A vida depois do divórcio era um borrão cinzento.
Mudei-me para um pequeno apartamento no centro da cidade, longe das memórias da minha vida antiga.
A minha mãe queria que eu ficasse com ela, mas eu precisava do meu próprio espaço para curar. Ou pelo menos, para tentar.
Passei os meus dias a dormir, a ver televisão sem realmente prestar atenção, e a ignorar as chamadas de amigos bem-intencionados.
A dor era uma presença constante, um peso no meu peito que tornava difícil respirar.
Uma tarde, a campainha tocou. Eu ignorei. Tocou novamente, insistentemente.
Com um suspiro, arrastei-me até à porta e olhei pelo olho mágico.
Era a Joana.
O meu primeiro instinto foi fechar a porta e fingir que não estava em casa. Mas uma parte de mim, uma parte zangada e curiosa, queria saber o que ela queria.
Abri a porta.
Ela sorriu, um sorriso brilhante e ensaiado.
"Sofia! Que bom ver-te. Estava a passar por aqui e pensei em dizer olá."
Ela estava vestida com um vestido de verão caro, o seu cabelo perfeitamente penteado. Parecia radiante.
Eu não a convidei a entrar. Apenas fiquei ali, a bloquear a entrada.
"O que queres, Joana?"
O seu sorriso vacilou por um segundo.
"Eu só queria ver como estavas. O Pedro está muito preocupado contigo."
"O Pedro?" repeti, uma risada amarga a escapar dos meus lábios. "Se ele estivesse preocupado, teria vindo ele mesmo."
"Ele está ocupado," disse ela rapidamente. "O trabalho tem sido muito exigente."
"Claro," disse eu, o meu tom seco.
Ficámos em silêncio por um momento. Ela olhou para o meu apartamento por cima do meu ombro, o seu nariz a torcer-se ligeiramente.
"É... acolhedor," disse ela, a sua voz condescendente.

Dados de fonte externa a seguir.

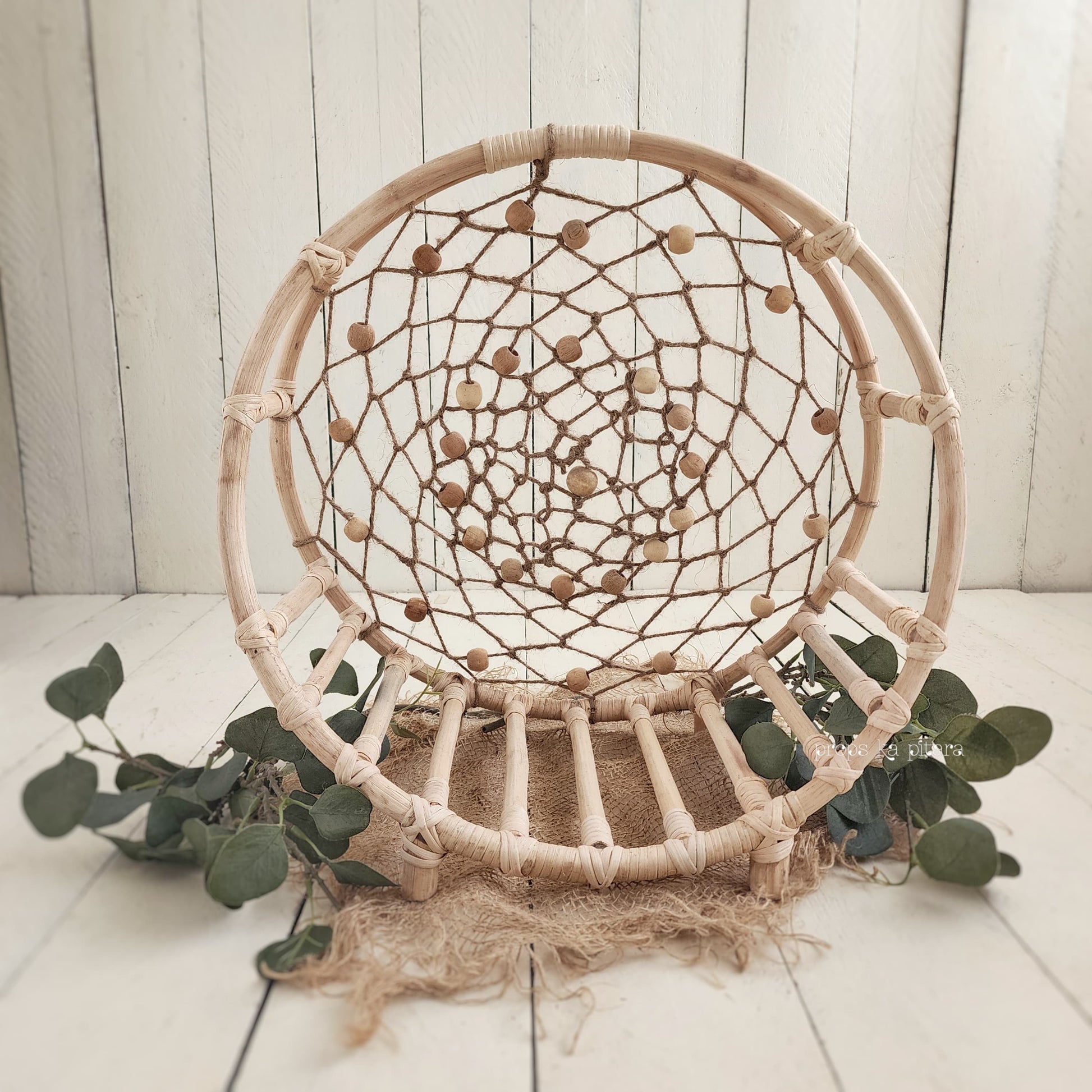 Beautifully handcrafted newborn dreamcatcher with rope weaving and wooden beads detailing.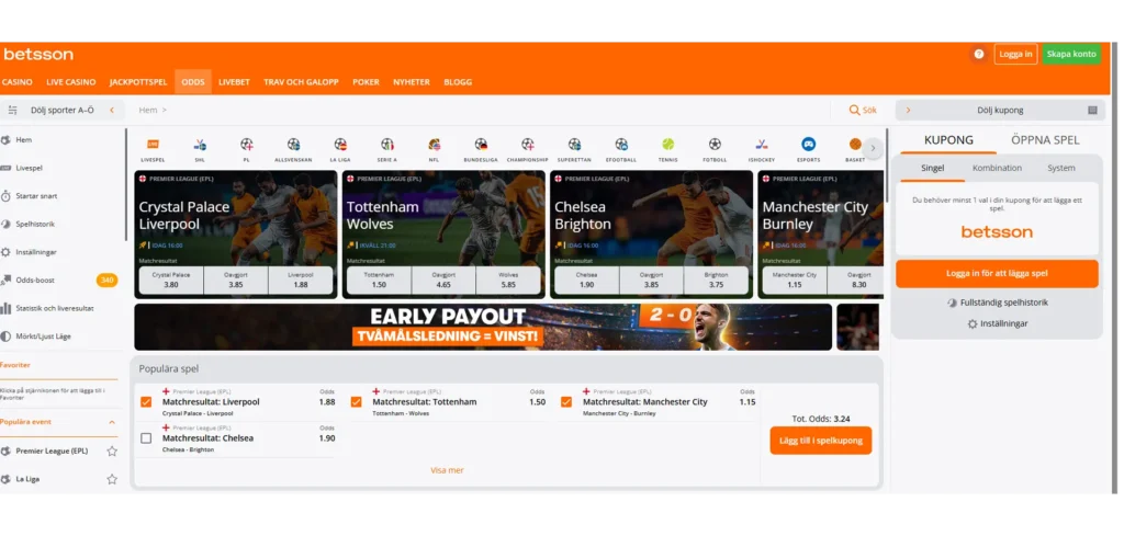 För oss är det glasklart att Betsson tillhör den svenska marknadens bästa bettingsajter. De erbjuder konkurrenskraftiga odds oavsett om du vill spela på Allsvenskan, SHL, Serie A eller mindre ligor inom nischade sporter, och en bra upplevelse när det gäller betalningar samt mobilt spelande.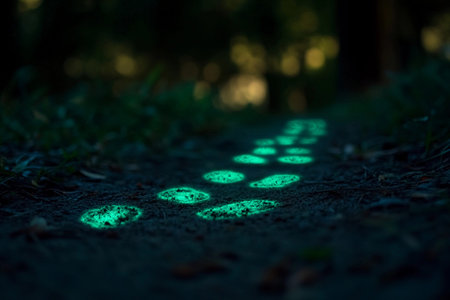 A curious cat gazes at glowing tracks on a forest path under the night sky, adding a sense of wonder and mystery to the enchanting atmosphere of the woods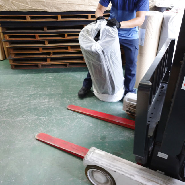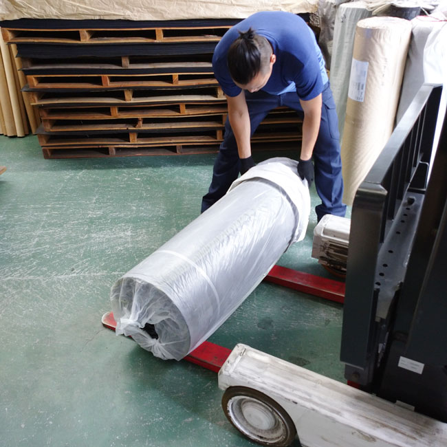 ゴムシート.comの物流センターでは上のような動きを1日に数えきれないほど繰り返し行っています。しかし、これは必要な動作なのです。重いゴムはこのように慎重に扱わないと大きな事故につながるため作業のショートカットをせずに行っています。「すぐに出荷!」のゴムシート.comなので無駄な時間を使うわけにはいかないのですが、これは必要な時間だということです。安全第一でございます。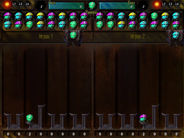 Осталось ещё упомянуть о многопользовательском режиме игры: состязаться дозволяется как с другом за одним ПК (методом «сплит-скрин» – с разделением экрана по горизонтали напополам: второй игрок использует по умолчанию клавиши «A», «D» и «S» или «пробел»), так и по сети (этот вариант вряд ли актуален по состоянию на сегодняшний день). При этом имеются и два «подрежима»: «Турнир» отличается от одиночного способа игры лишь тем, что шарики, выброшенные с «качелей» одного пользователя, оказываются на поле его соседа, – целью же является набрать большее количество очков, нежели соперник. А вот в варианте «Аркада» необходимо уже целенаправленно вывести второго участника из игры: все подбрасываемые ему шарики тут превращаются в камни, привычные «бонусы» перестают появляться в «запасе» – и их нужно зарабатывать самостоятельно (например, «джокер» выпадает после третьей собранной «тройки», «бомба» – после пятой и т.д.), ну а добрый десяток «необычных» предметов и вовсе задействован только в этом режиме.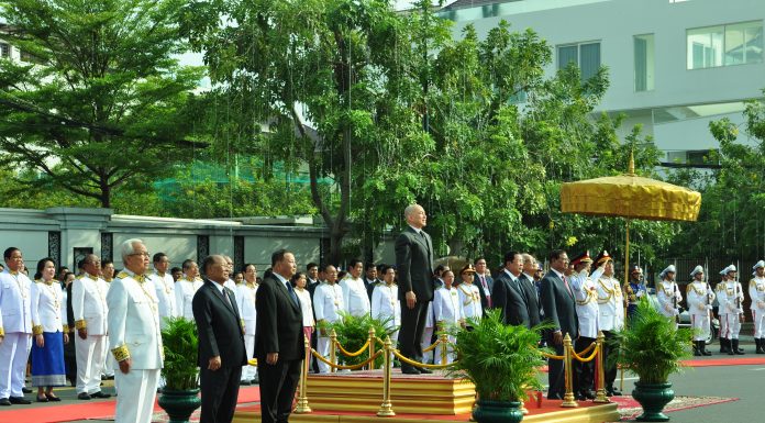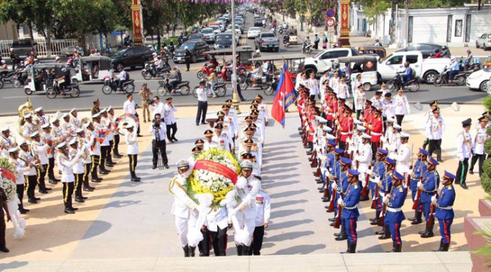 ព្រះករុណា ព្រះបាទសម្តេចព្រះបរមនាថ នរោត្តម សីហមុនី ព្រះមហាក្សត្រ នៃព្រះរាជាណាចក្រកម្ពុជា អមព្រះរាជដំណើរដោយប្រមុខថ្នាក់ដឹកនាំជាន់ខ្ពស់ ស្តេចយាងប្រទានភ្លើងជ័យ នៅវិមានឯករាជ្យ អបអរសាទរខួបលើកទី៦៦ ថ្ងៃបុណ្យឯករាជ្យជាតិ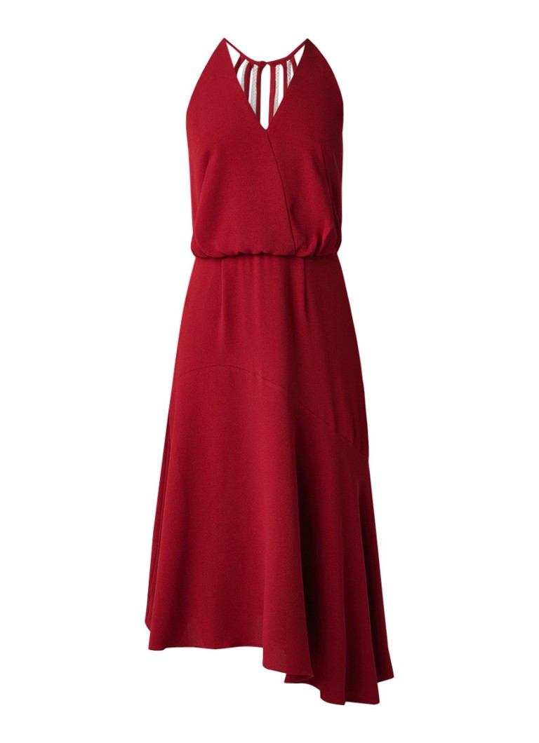True-fitted gedrapeerde jurk met rugdecolleté bordeauxrood

"É a minha casa," respondi, a minha voz firme.
Ela suspirou, a sua fachada a começar a rachar.
"Olha, Sofia, eu vim aqui para te pedir para deixares o Pedro em paz."
Eu olhei para ela, confusa. "Eu deixei-o em paz. Eu divorciei-me dele, lembras-te?"
"Não, tu não deixaste," disse ela, a sua voz a ganhar um tom agudo. "Tu continuas a assombrá-lo. Ele está miserável, e é por tua causa."
Eu não conseguia acreditar no que estava a ouvir.
"Ele está miserável? Eu perdi o meu filho, Joana. O meu corpo ainda está a recuperar. A minha vida desmoronou-se. E tu vens aqui dizer-me que ele está miserável?"
"Tu não és a única que está a sofrer!" ela retorquiu. "Ele também perdeu um filho! E agora ele perdeu a sua esposa. Tudo por causa do teu egoísmo."
"O meu egoísmo?" A minha voz tremeu de raiva. "Eu estava sozinha, Joana! Sozinha e grávida! Enquanto vocês os dois estavam a beber cocktails numa praia em Bali!"
O rosto dela endureceu.
"Tu não sabes de nada. O Pedro e eu temos uma ligação. Uma ligação que tu nunca entenderias."
E então, ela disse as palavras que confirmaram todas as minhas suspeitas.
"Eu amo-o, Sofia. E ele ama-me a mim. Nós vamos ficar juntos."
O mundo pareceu parar. O som do trânsito lá fora desapareceu. Tudo o que eu conseguia ouvir era o zumbido nos meus ouvidos.
"Sai," disse eu, a minha voz perigosamente calma.
"O quê?"
"Eu disse, sai da minha casa. Agora."
Ela olhou para mim, um sorriso triunfante a espalhar-se pelo seu rosto.
"Com prazer. Apenas lembra-te disto: tu perdeste. Eu ganhei."
Ela virou-se e afastou-se, o som dos seus saltos altos a ecoar no corredor.
Fechei a porta e encostei-me a ela, as minhas pernas a tremer.
A dor no meu peito intensificou-se, mas desta vez, foi misturada com algo novo.
Raiva. Uma raiva fria e ardente que prometia consumir tudo no seu caminho.